◆ Stored data:
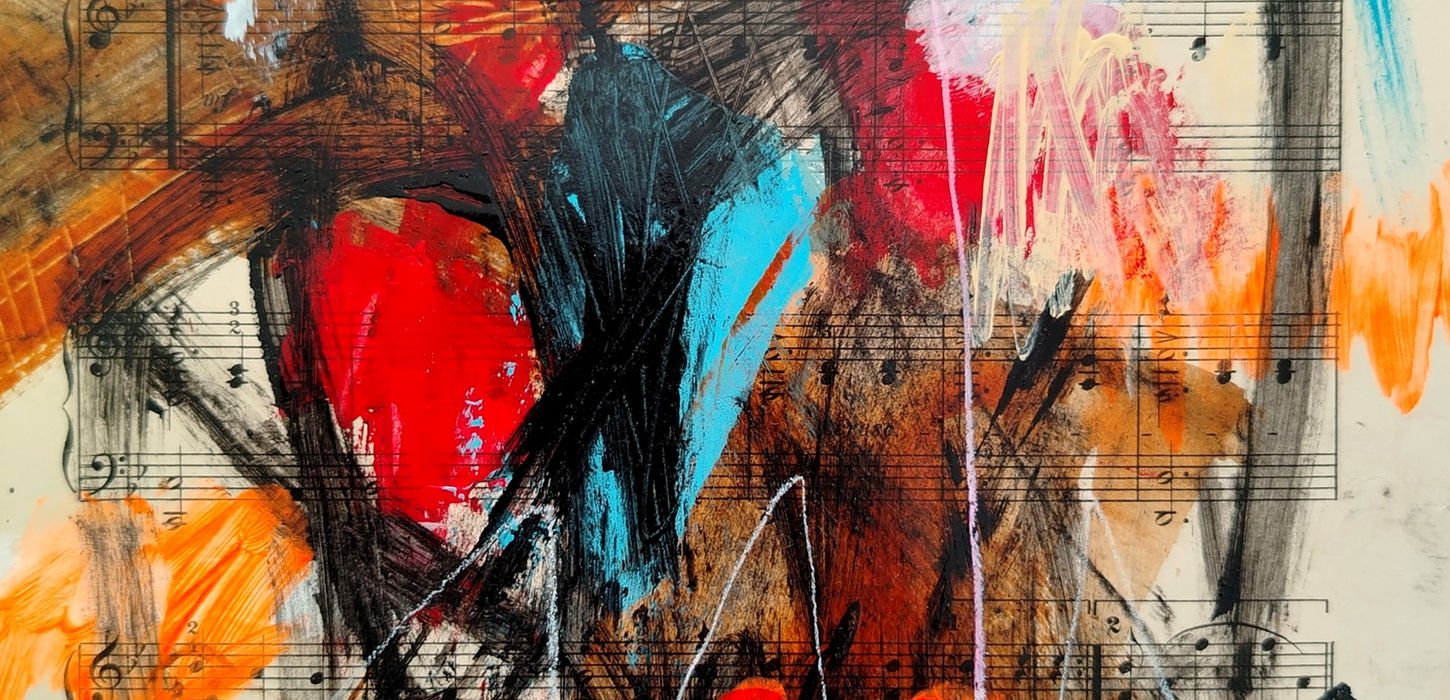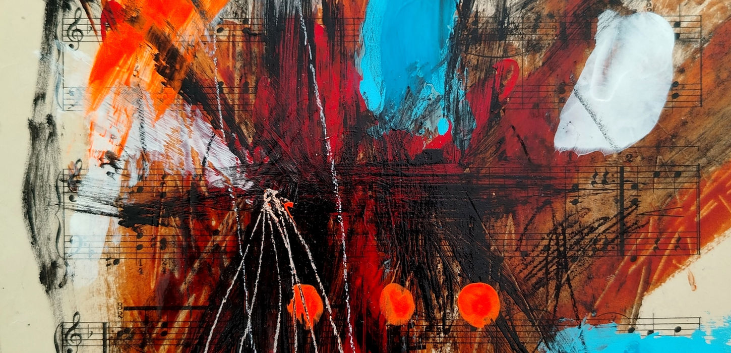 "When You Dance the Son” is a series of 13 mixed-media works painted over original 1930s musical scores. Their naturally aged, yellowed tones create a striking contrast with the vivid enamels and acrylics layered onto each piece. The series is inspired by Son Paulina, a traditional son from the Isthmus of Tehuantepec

---

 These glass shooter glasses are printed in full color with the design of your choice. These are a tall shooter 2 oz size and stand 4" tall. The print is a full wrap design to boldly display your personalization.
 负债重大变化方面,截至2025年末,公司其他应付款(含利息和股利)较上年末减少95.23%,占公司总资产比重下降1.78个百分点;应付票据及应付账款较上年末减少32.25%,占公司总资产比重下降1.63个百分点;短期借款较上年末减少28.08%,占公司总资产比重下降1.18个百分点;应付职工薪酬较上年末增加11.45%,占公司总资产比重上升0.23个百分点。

* * *

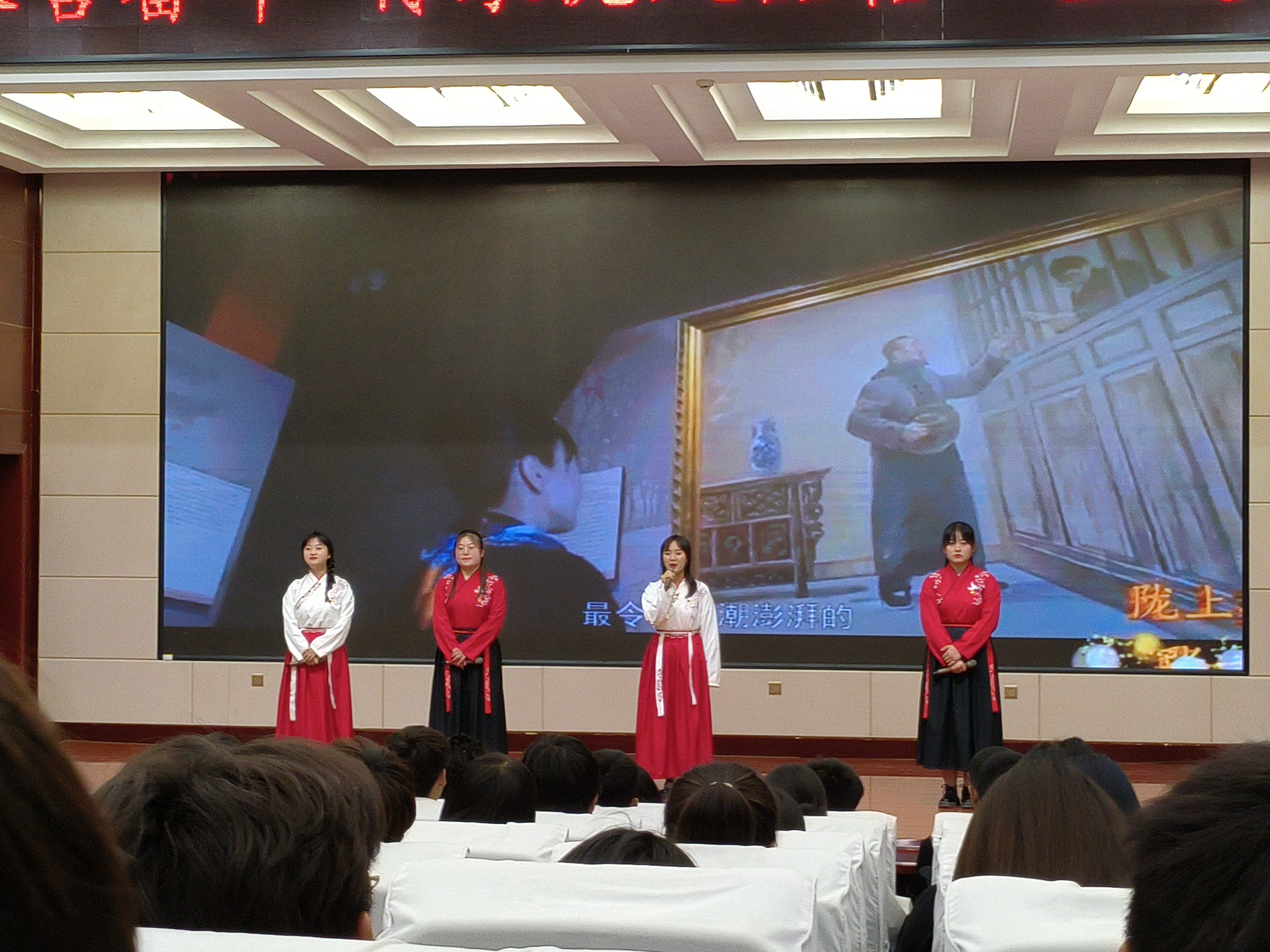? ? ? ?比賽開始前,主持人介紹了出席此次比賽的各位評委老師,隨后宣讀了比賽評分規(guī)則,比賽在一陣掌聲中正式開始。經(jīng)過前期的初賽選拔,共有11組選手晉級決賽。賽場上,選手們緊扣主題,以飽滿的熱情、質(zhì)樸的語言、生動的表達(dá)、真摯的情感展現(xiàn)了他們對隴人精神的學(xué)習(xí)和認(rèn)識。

◆ Work instruction:
Extract from the listing above the lines between the line containing "These glass shooter" and the line containing "负债重大变化方面,截至202", keeping both of those lines. Output nothing else.

◆ Problem solution:
 These glass shooter glasses are printed in full color with the design of your choice. These are a tall shooter 2 oz size and stand 4" tall. The print is a full wrap design to boldly display your personalization.
 负债重大变化方面,截至2025年末,公司其他应付款(含利息和股利)较上年末减少95.23%,占公司总资产比重下降1.78个百分点;应付票据及应付账款较上年末减少32.25%,占公司总资产比重下降1.63个百分点;短期借款较上年末减少28.08%,占公司总资产比重下降1.18个百分点;应付职工薪酬较上年末增加11.45%,占公司总资产比重上升0.23个百分点。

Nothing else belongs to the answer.